(1) Each home infusion therapy agency, in consultation with any contracted parties, if applicable, shall develop and implement a system of reviewing and evaluating the appropriateness and effectiveness of patient services and the correction of deficiencies. At a minimum, the quality assessment system must:

(a) consist of an annual review of overall provider functions and a semiannual review of selected patient clinical records; and

(b) be reviewed and evaluated by a team composed of, at a minimum, a pharmacist-in-charge, a licensed health care professional, and a licensed health care professional not affiliated with the home infusion therapy agency. The evaluation will be ongoing, including sampling not initiated

solely in response to a problem.

(2) The annual review of provider function must be an organized, effective and documented evaluation. At a minimum, the evaluation must include a review of the:

(a) administrative policies and procedures;

(b) personnel policies;

(c) safety management;

(d) emergency preparedness policies;

(e) clinical program policies and procedures; and

(f) durable medical equipment maintenance and procedures.

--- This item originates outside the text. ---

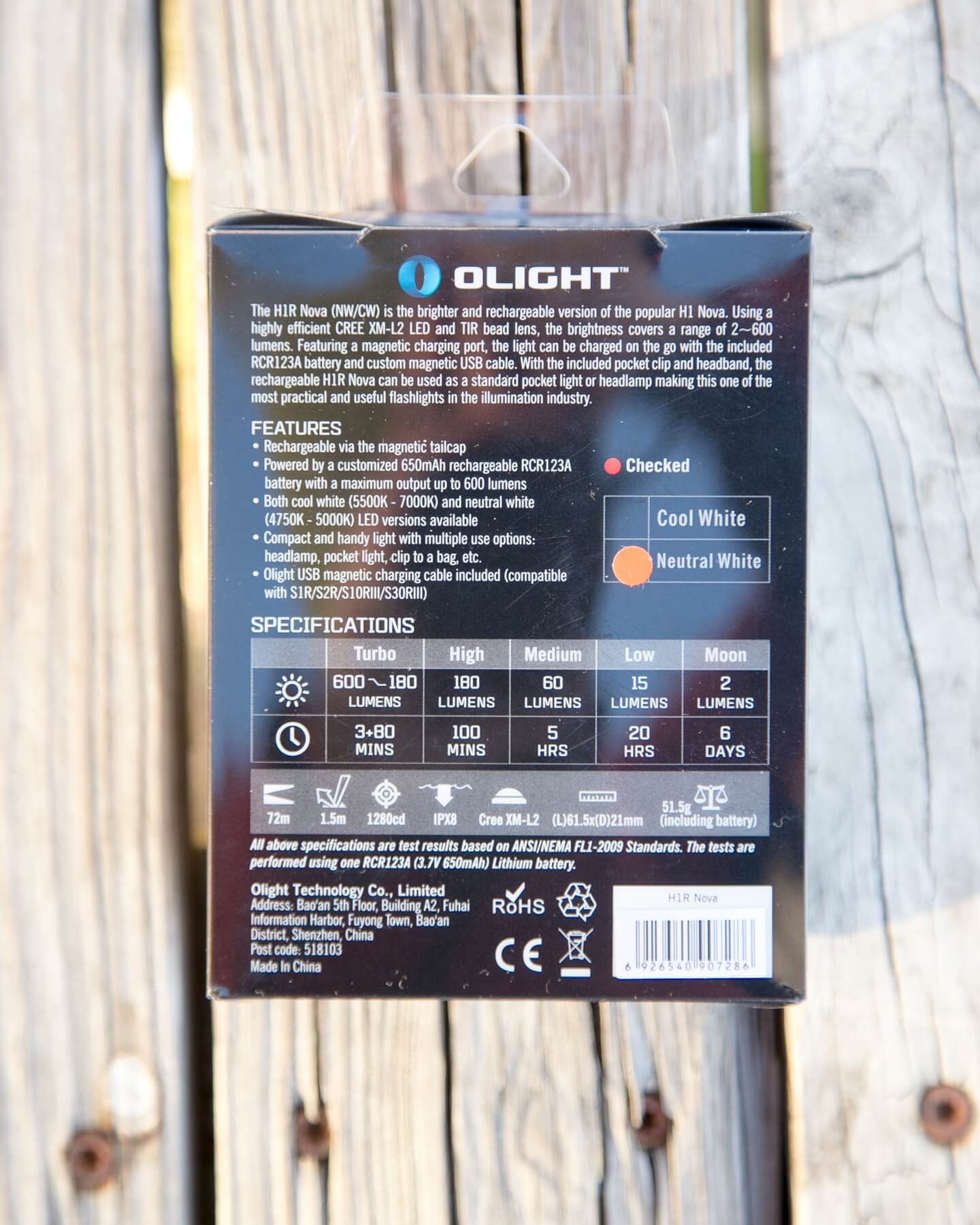 Getting it open is easy, but you will never, ever get things back in the package as they were from the factory. That’s not a bad thing; it’s just extremely efficient use of space. Olight packagers = Tetris masters. The box has a serial on the top, which matches the serial printed on the body of the H1R. Sides have a bunch of printed info, including the QR code.

(3) The semiannual review of patient clinical records must be:

(a) both concurrent and retrospective; and

(b) performed against preset criteria of practice for each discipline providing care. Criteria of practice must include:

(i) the appropriateness of the level of care provided to protect the health and safety of patients;

(ii) the timeliness of the provision of care;

(iii) the adequacy of the care to meet the patient's needs; and

(iv) the appropriateness of the specific services provided.

(4) Each home infusion therapy agency, in consultation with any contracted parties, if applicable, shall develop and implement a quality assessment plan. The plan must include:

(a) a method for reporting results and a mechanism for taking follow up action;

(b) patient and caregiver and licensed health care professional satisfaction surveys; and

(c) methods to document medication errors and incident reporting and adverse drug reactions.

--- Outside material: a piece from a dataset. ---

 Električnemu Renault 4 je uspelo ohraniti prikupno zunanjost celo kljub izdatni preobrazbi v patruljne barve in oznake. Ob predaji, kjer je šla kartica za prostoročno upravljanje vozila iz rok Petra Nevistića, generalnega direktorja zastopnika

(5) Each home infusion therapy agency, in consultation with any contracted parties, if applicable, shall establish, document, and audit at regular, planned intervals, quality control procedures. Quality control procedures must be evaluated on an ongoing basis. At a minimum, quality control procedures must include:

(a) drug or product recall procedures;

(b) documentation of storage, stability, and expiration dates;

(c) documentation of equipment functioning and maintenance (such as daily refrigerator temperature logs, records for cleaning, maintenance and calibration of infusion devices) ;

(d) certification of laminar flow hoods and biological safety cabinets by an independent contractor, according to national sanitation foundation standard 49, for operational efficiency at least every 12 months. Appropriate records must be maintained to document certification;

(e) documentation of assessment of sterile technique performed by pharmacy personnel; and

(f) procedures for suspected microbial contamination of sterile products.